On demande aux ONG de jouer le rôle des pouvoirs publics, et ça ce n’est pas possible. On attend de nous qu’on aille spontanément sensibiliser les citoyens sur le terrain mais nous ne pouvons pas être partout. Il y a un vrai défaut des pouvoirs publics sur ces sujets.

Mais on a acquis une certaine notoriété, notamment via la médiatisation des rapports que nous publions, nos campagnes, nos actions, notre discours aussi, qui touche un grand nombre.

On n’est pas tant un Collectif de sensibilisation, même si on nous prête parfois ce rôle : c’est la médiatisation de notre activité qui nous fait connaître et qui fait connaître les thématiques qu’on défend.

Notre cœur d’action reste quand même d’être un collectif du plaidoyer pour rendre responsables les multinationales de leurs activités et faire évoluer leurs pratiques. Ensuite, on dialogue selon les réponses des marques.

« Nos capacités d’action en tant que citoyen.ne.s : interpeller les marques et les pouvoirs publics »

Justine : Est-ce que vous notez une évolution des consciences chez les marques ?

Nayla Ajaltouni : Nous ne parlons pas de « prise de conscience » pour les marques, elles ont tout à fait consciences que leur modèle économique se traduit par des atteintes aux droits humains et à l’environnement. Nous dénotons en tout cas une évolution de leur discours et petit à petit de leurs pratiques même si nous sommes loin du changement radical qu’il faudrait opérer.

Si H&M crée une « collection conscious », si elle communique autant et constamment sur ses prétendus engagements écolos, si toutes les marques désormais ne peuvent ignorer un discours sur leur responsabilité sociale, c’est précisément parce que les questionnements des consommateurs se font de plus en plus présents sur l’impact social et écologique de la mode. Bien sûr nous ne nous en tenons pas au discours mais c’est une étape vers une évolution des pratiques.

Il y a une progression vers un système normatif plus élaboré, sur pression de la société civile, et des citoyens. Nécessairement dans ces secteurs on va vers de la norme, et l’adoption de la loi sur le devoir de vigilance est un bon exemple.

Et puis les citoyen.ne.s posent de plus en plus de questions, auprès de nous et auprès des marques, donc c’est une belle transformation.

Justine : Est-ce que vous avez vu une évolution chez les consommateurs.trices ?

Nayla Ajaltouni : Ces sujet ont pris tellement d’ampleur ! Avec l’effondrement du Rana Plaza mais pas seulement : le boom d’H&M, de Primark, de la fast fashion en général et de leur communication aussi, la médiatisation des scandales, (invendus brûlés, toxicité etc.). Leur forte présence contribue en fait à interpeller les citoyen.ne.s, qui se posent des questions sur leur modèle de production.

Il y a un réel questionnement des citoyen.ne.s sur ces sujets. La question environnementale a été très médiatisée ces derniers mois, par ce biais l’on sent une sensibilité plus importante des consommateurs.trices aux impacts de la mode.

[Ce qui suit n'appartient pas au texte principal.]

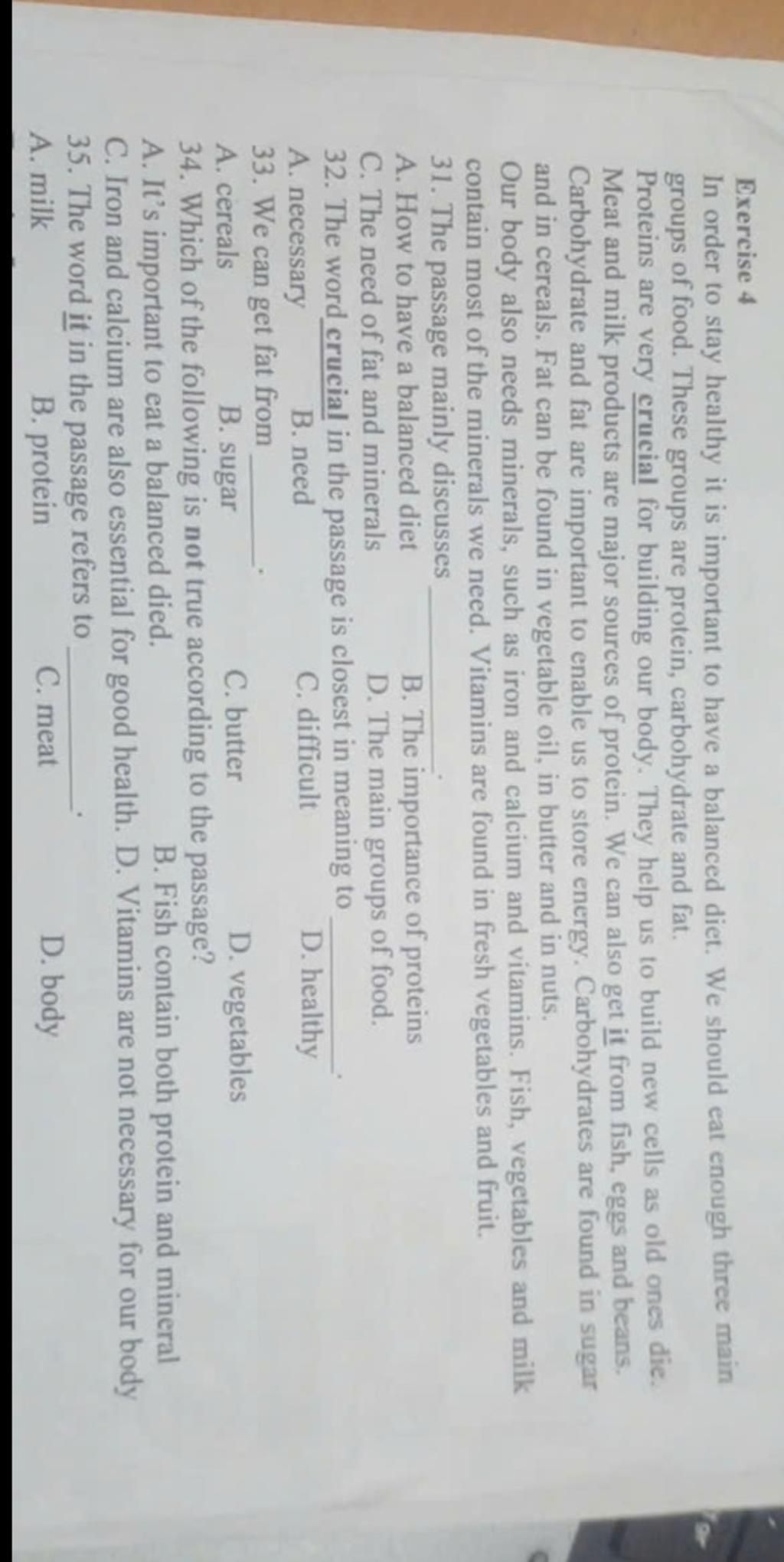 Câu 31 mình nghĩ là D vì bài đọc có nói làm thế nào để có bữa ăn cân bằng đâu. Câu đầu là bẫy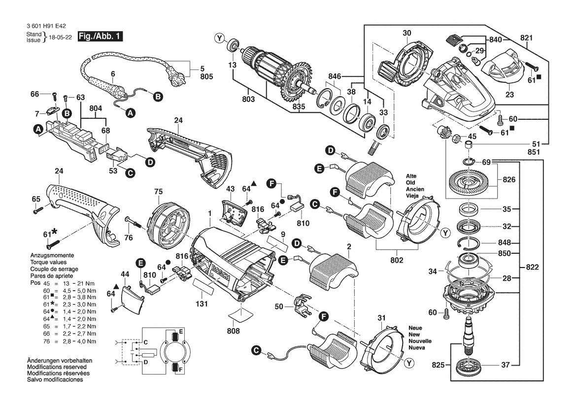 Zeichnung Sollten Sie Fragen zu einem Ersatzteil vom Bosch Winkelschleifer GWS 22-230 LV | 240 V (3 601 H91 E42) haben, können Sie uns gerne eine E-Mail (mit einem Foto vom Typenschild Ihres Gerätes) schreiben oder eine Ersatzteilanfrage stellen.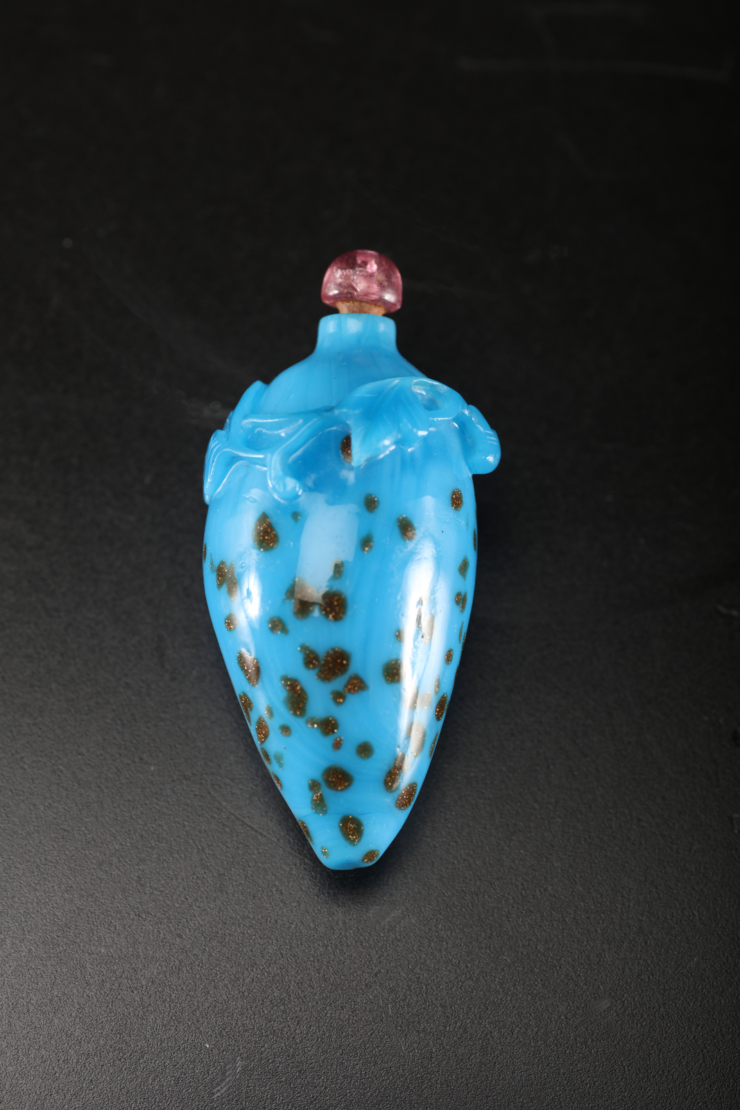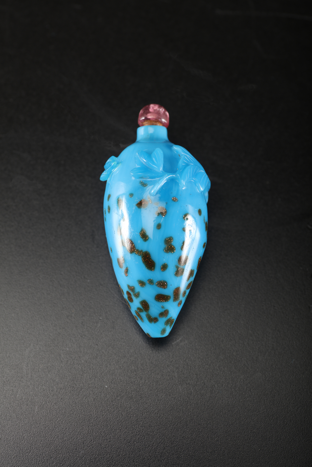 Arte Cinese Tabacchiera in vetro turchese con decorazioni dorate e tappo in quarzo rosa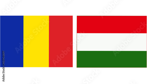 © Usama, Fototapeta premium Chad Official flag with Hungry national flag, both countries flags in Horizontal shape and isolated on white background Rectangular colorful design Flag with together.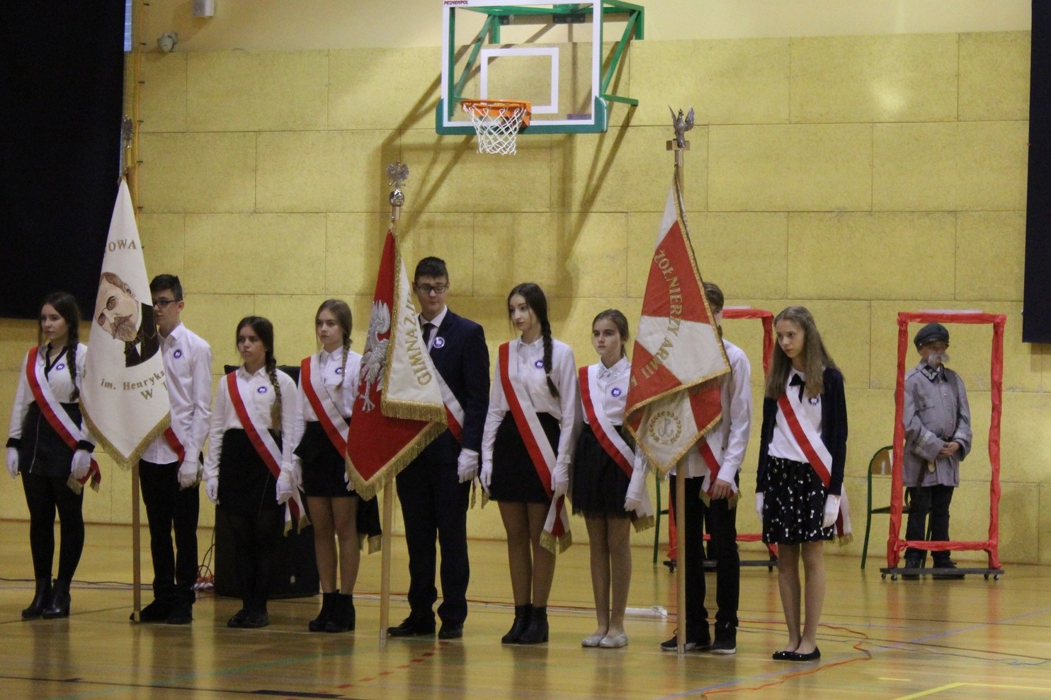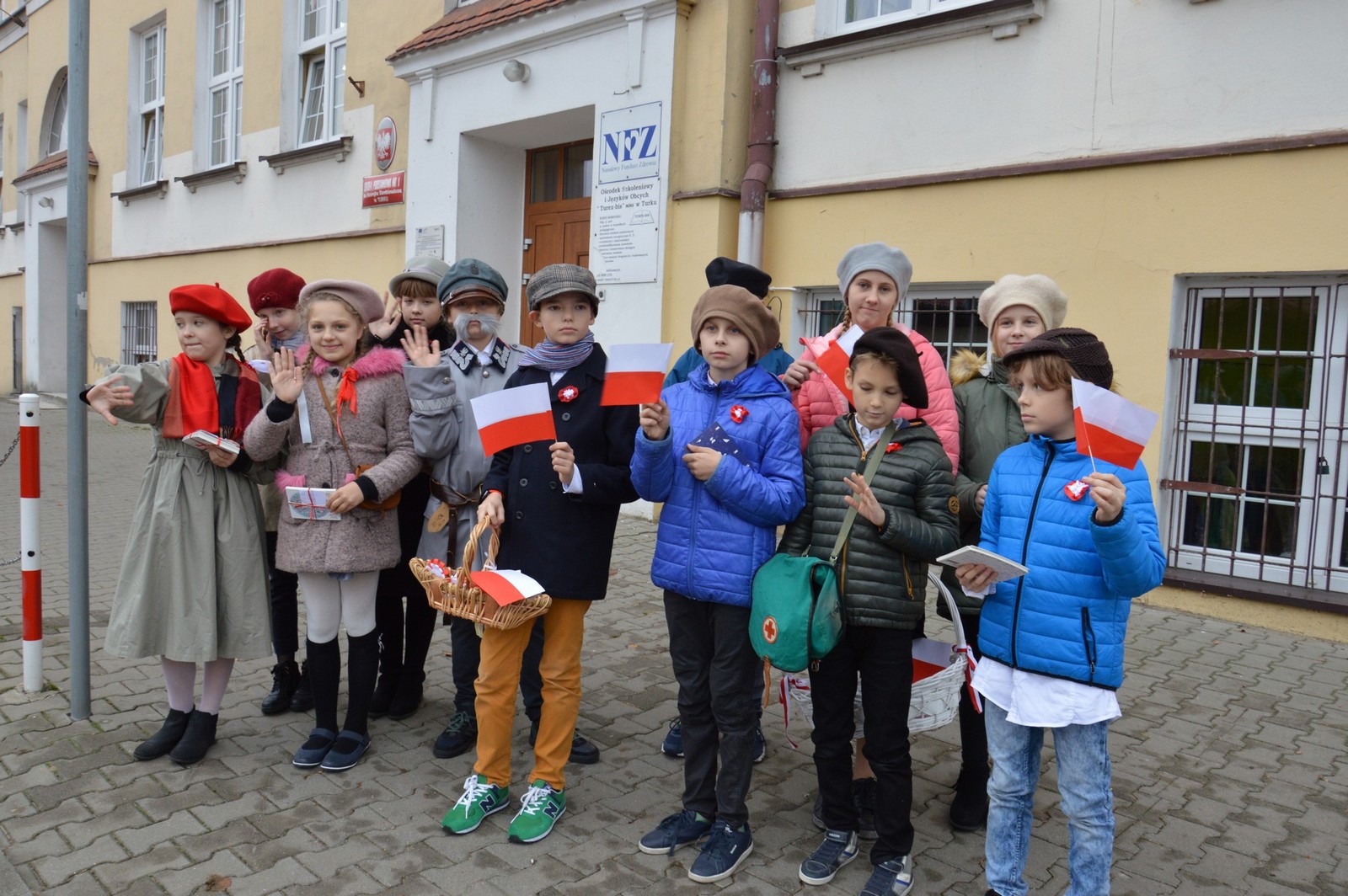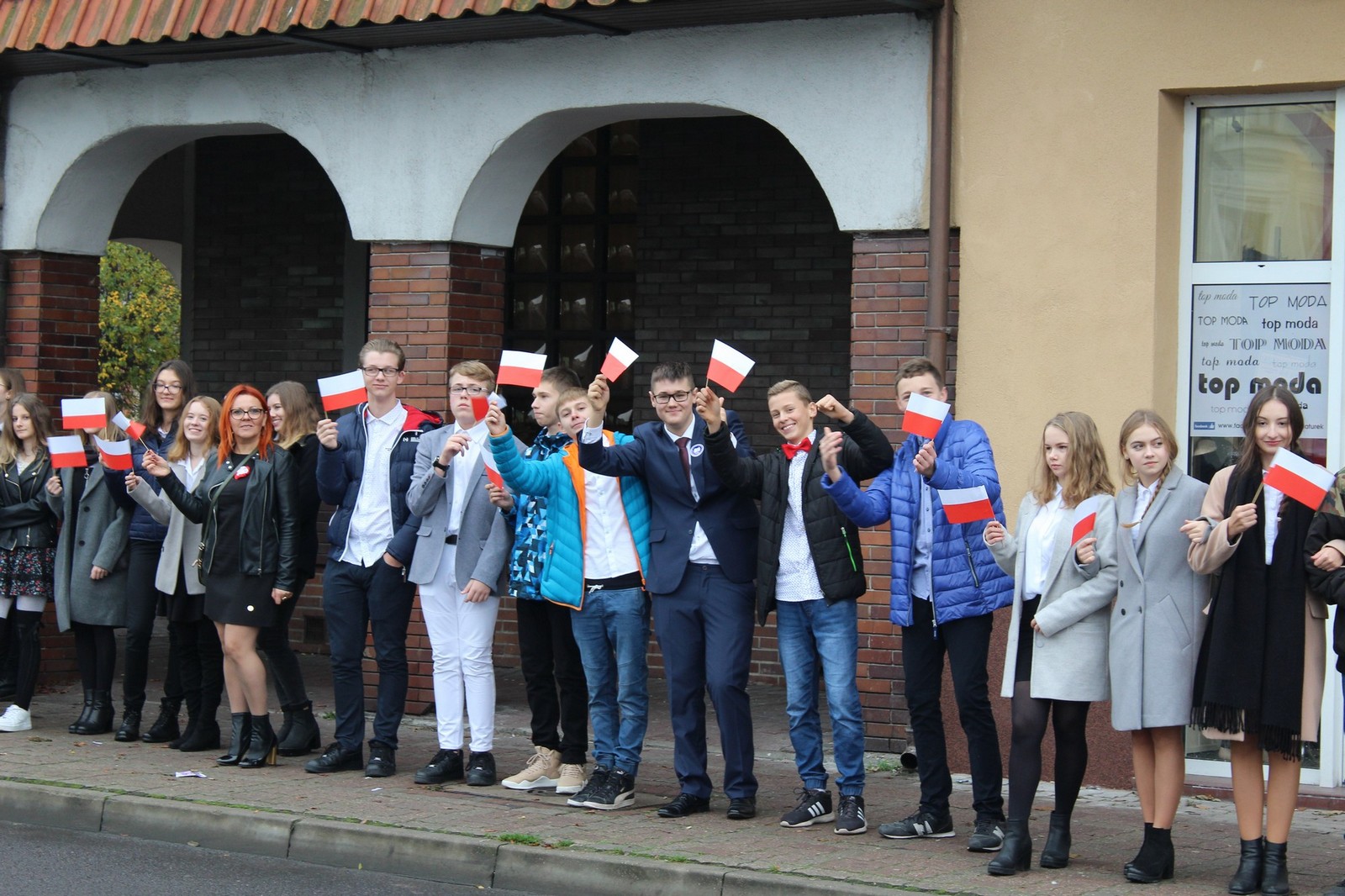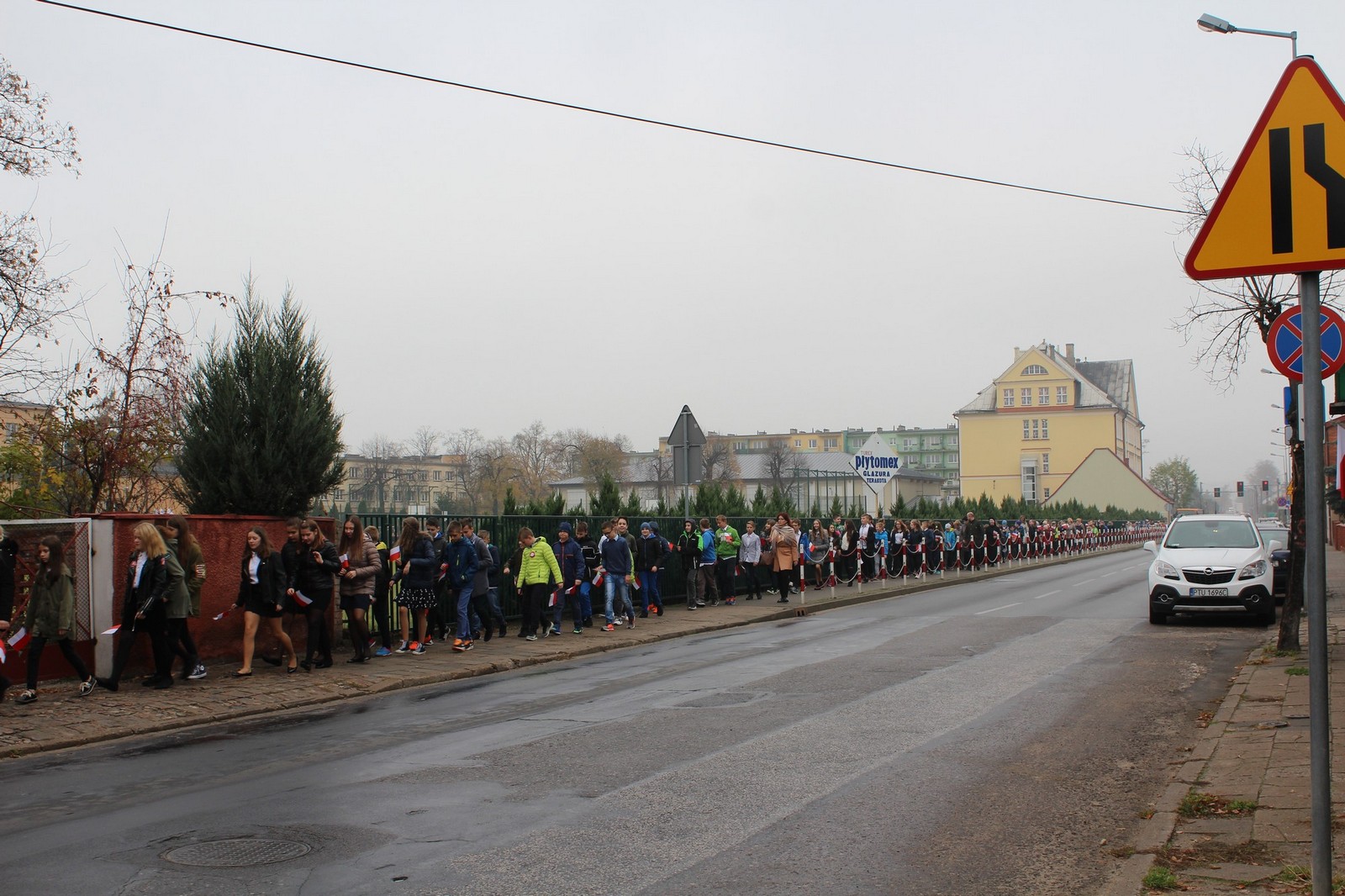 O godz.11.11 –wszyscy uczniowie i nauczyciele włączyli się do ogólnopolskiej akcji i uroczyście odśpiewali hymn państwowy przed budynkami szkoły. Po zakończeniu hymnu państwowego uczniowie klas I – VIII oraz oddziały gimnazjalne utworzy Łańcuch Niepodległości, wzdłuż ulic naszego miasta, łączących oba budynki szkoły, od ul. 3 Maja do ul. Parkowej. Do Łańcucha przyłączyli się przechodnie, zachęcani do udziału w tej akcji z balkonu miejskiego Ratusza. Byli to uczniowie: Hubert Majka, Jakob Loba, Weronika Karolak, Michalina Stasiak.

Cette prise de conscience accrue peine, bien sûr, à se traduire dans les comportements de consommation, surtout avec les accroissements des écarts de revenus dans la population. La question du pouvoir d’achat, des classes moyennes, qui sont de plus en plus touchées, est un frein et le critère de prix demeure le 1er critère d’achat.

La question de l’offre de vêtements responsables, et de son accès, est également centrale. Mais le développement des boutiques de seconde main, des locations de vêtement, du DIY (Do it yourself), des articles dans la presse féminine et sociale, sont des indices qu’une évolution est en route.

Par ailleurs, il y a une action qui demeure à la portée de tou.te.s, indépendamment de celle du prix, c’est celle de nos capacités d’action en tant que citoyen.ne.s : interpeller les marques et les pouvoirs publics. C’est le cœur de notre action au Collectif Éthique sur l’étiquette.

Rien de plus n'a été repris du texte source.